ABSTRACT: Osteoarthritis (OA), commonly referred as arthritis, causing painful joints, is among the most common chronic conditions among veterans. Indeed, the condition is much worse among veterans than non-veterans; one of every four veterans lives with a serious arthritic condition and individuals over age 40 are twice as likely to develop arthritis after returning to civilian life. Osteoarthritic symptom, pain, is the key reason to seek medical assistance, yet there is no effective way to relieve OA-induced pain. Despite the major negative impact that severe pain in chronic OA has on quality of life and health care management, we only poorly understand origins of pain in OA, the molecular mechanisms driving the pathology, and the way to effectively cure OA. Many cases eventually require joint replacement with a prosthesis which is costly, and the limited functional life of prostheses (~10 y) can make a second replacement necessary. These factors increase both the overall cost of treatment and the risk for associated morbidity. Significantly, surgical procedures to address the condition typically do not result in a pain-free cure. Our central hypothesis is that activation of Flt1 (vascular endothelial growth factor receptor-1) is the major driver of joint pain transmission by plasticity of peripheral (sensory neurons) and central glial activation; Flk1 (vascular endothelial growth factor receptor-2) is primarily responsible for cartilage degeneration during the OA progression, thus, simultaneous inhibition of Flt1 and Flk1 by pazopanib, an FDA-approved small molecule anti-cancer drug, will act as an ideal OA disease-modifying drug (OADMD) with immediate reduction of joint pain and gradually cartilage regeneration. The findings of our proposed research will take the field of OA research a giant step forward: in the short term, by increasing our mechanistic understanding of the causes and progression of OA, and by developing a novel strategy for treating OA and joint pain effectively and safely in our pre-clinical OA animal model; and, in the longer term, by providing a rationale for clinical trials to test pazopanib to treat OA patients.

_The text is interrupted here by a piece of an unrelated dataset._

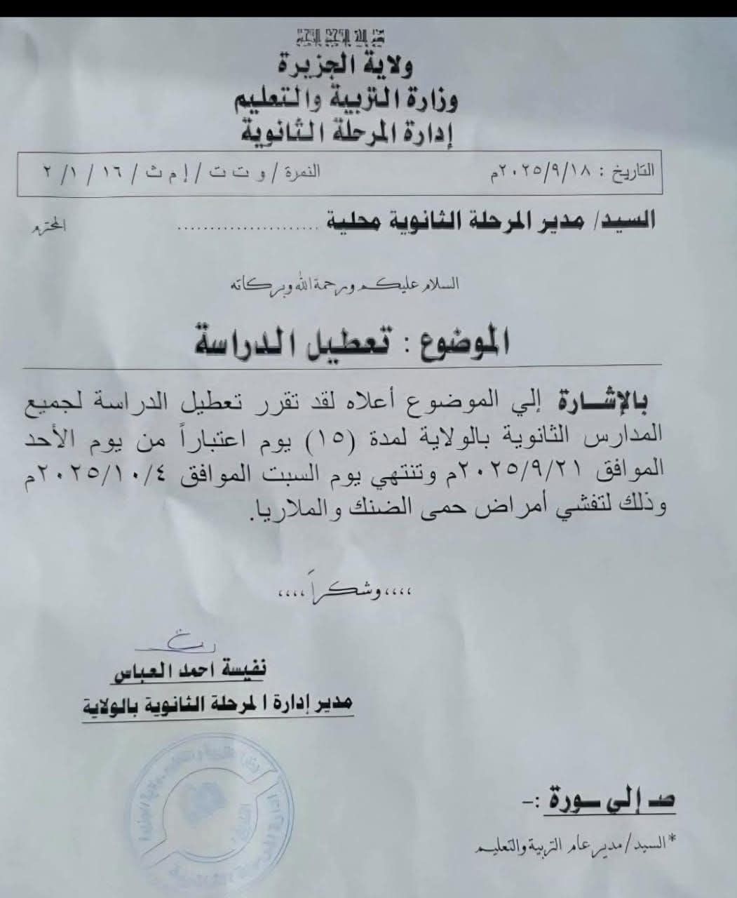 رصد السودان تعطيل الدراسه بولاية #الجزيرة بسبب تفشي أمراض حمي الضنك والملاريا. #شبكة_رصد_الس… By null Published September 19, 2025 Share SHARE Facebook Twitter Pinterest LinkedIn[ad_1] تعطيل الدراسه بولاية #الجزيرة بسبب تفشي أمراض حمي الضنك والملاريا. #شبكة_رصد_السودان [ad_2] Source Facebook Twitter Pinterest LinkedIn Share This Article Facebook Twitter Email Print Previous Article حيث اطلعت علي مجمل الأوضاع بولاية جنوب كردفان وفي مقدمتها الاوضاع الانسانية، وال… Next Article عقار والرئيس الرواندي يبحثان العلاقات الثنائية وتطورات الأوضاع بالسودان والإقلي… Leave a Comment Leave a Reply Cancel replyYour email address will not be published. Required fields are marked *Comment * Name * Email * Website Save my name, email, and website in this browser for the next time I comment. Δ SearchSearchRecent Postsأكرمنا الله صباح اليوم الأحد بلقاء إخوةٍ كرام، على ضفة النيل الأزرق، حيث شاي الش… أعلن بنك السودان المركزي في منشور إدارة السياسات رقم (2025/15) رفع الاحتكار عن ا… ندوة بعنوان: القانون الدولي والسيادة الوطنية قراءة في موقف السودان من لجنة تقصي … والي نهر النيل تستقبل وزير الموارد البشرية والرعاية الاجتماعية الوزير يشيد بالأ… كامل ادريس: رئيس اللجنة السياسية لمؤسسات الدولة السودانية. Recent CommentsNo comments to show.
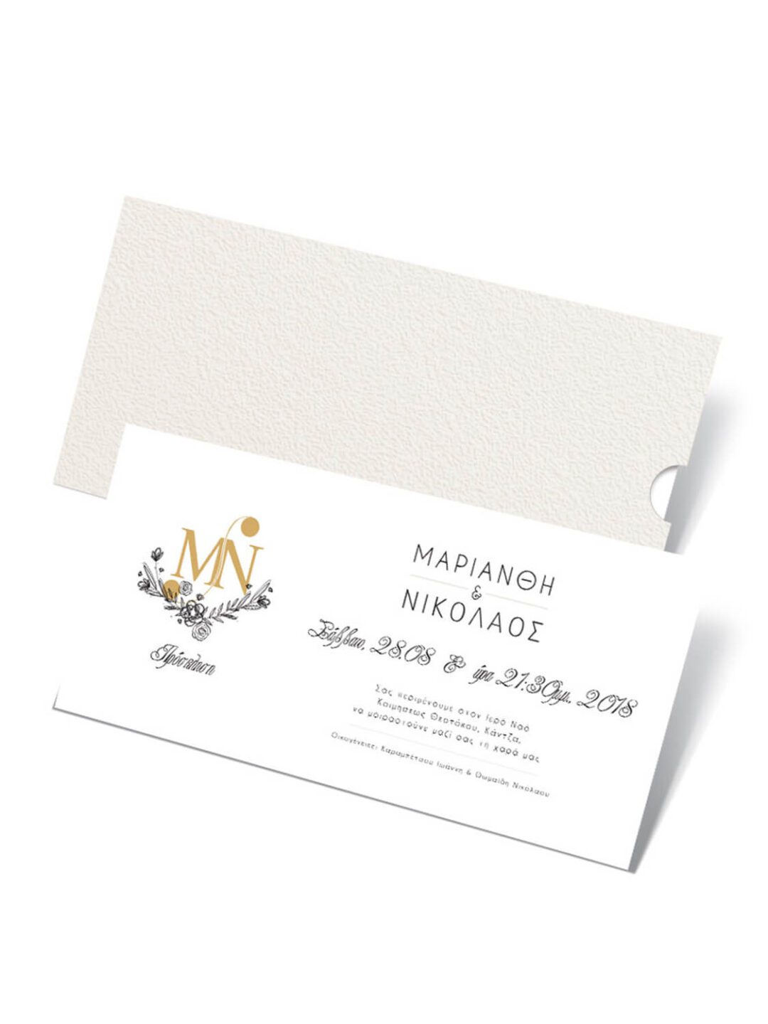Προσκλητήριο γάμου οριζόντιο, διπλής όψης, από χαρτόνι σε μπεζ χρυσό χρώμα, με την μία όψη, τα αρχικά από τα ονόματα και στεφάνι στην μέση και η άλλη όψη, τα αρχικά σε έντονο χρυσό χρώμα, και ονόματα, ημερομηνία με μαύρα καλλιγραφικά γράμματα. Αποτελείται από οριζόντιο φάκελο συρταρωτό από χαρτόνι, σε μεταλιζέ μπεζ χρυσό χρώμα, διαστάσεις 9×20 cm. Τα χρώματα εκτύπωσης και τα γραφικά, μπορούν να τροποποιηθούν κατ επιλογή του πελάτη.

摘要： 骨关节炎（OA），通常被称为关节炎，引起关节疼痛，是最常见的慢性 退伍军人的情况。事实上，退伍军人的情况比非退伍军人更糟; 每四名退伍军人中就有一人患有严重的关节炎，40岁以上的人患关节炎的可能性是40岁以上的人的两倍。 回到平民生活后患上关节炎。骨关节炎的症状，疼痛，是就医的关键原因 然而，没有有效的方法来缓解OA引起的疼痛。 尽管慢性OA的严重疼痛对生活质量和医疗保健有重大负面影响， 管理，我们只知之甚少的起源疼痛的OA，分子机制驱动的 病理学，以及有效治疗OA的方法。许多病例最终需要使用 假体价格昂贵，功能寿命有限（~10年），可进行二次置换 必要这些因素增加了治疗的总成本和相关发病率的风险。 值得注意的是，治疗这种疾病的外科手术通常不会带来无痛治愈。 我们的中心假设是Flt 1（血管内皮生长因子受体-1）的激活是主要的 通过外周（感觉神经元）和中枢神经胶质激活的可塑性的关节疼痛传递驱动器; Flk 1 （血管内皮生长因子受体-2）主要负责OA期间的软骨退变 因此，通过FDA批准的小分子帕唑帕尼同时抑制Flt 1和Flk 1， 抗癌药物，将作为一个理想的OA疾病修饰药物（OADMD），立即减少关节炎， 疼痛和逐渐软骨再生。我们提出的研究结果将采取OA领域 研究向前迈出了一大步：在短期内，通过增加我们对原因的机械理解， 和进展的OA，并通过开发一种新的策略，有效和安全地治疗OA和关节疼痛 在我们的临床前OA动物模型中;并且，从长远来看，通过为临床试验提供理论依据来测试 帕唑帕尼治疗OA患者。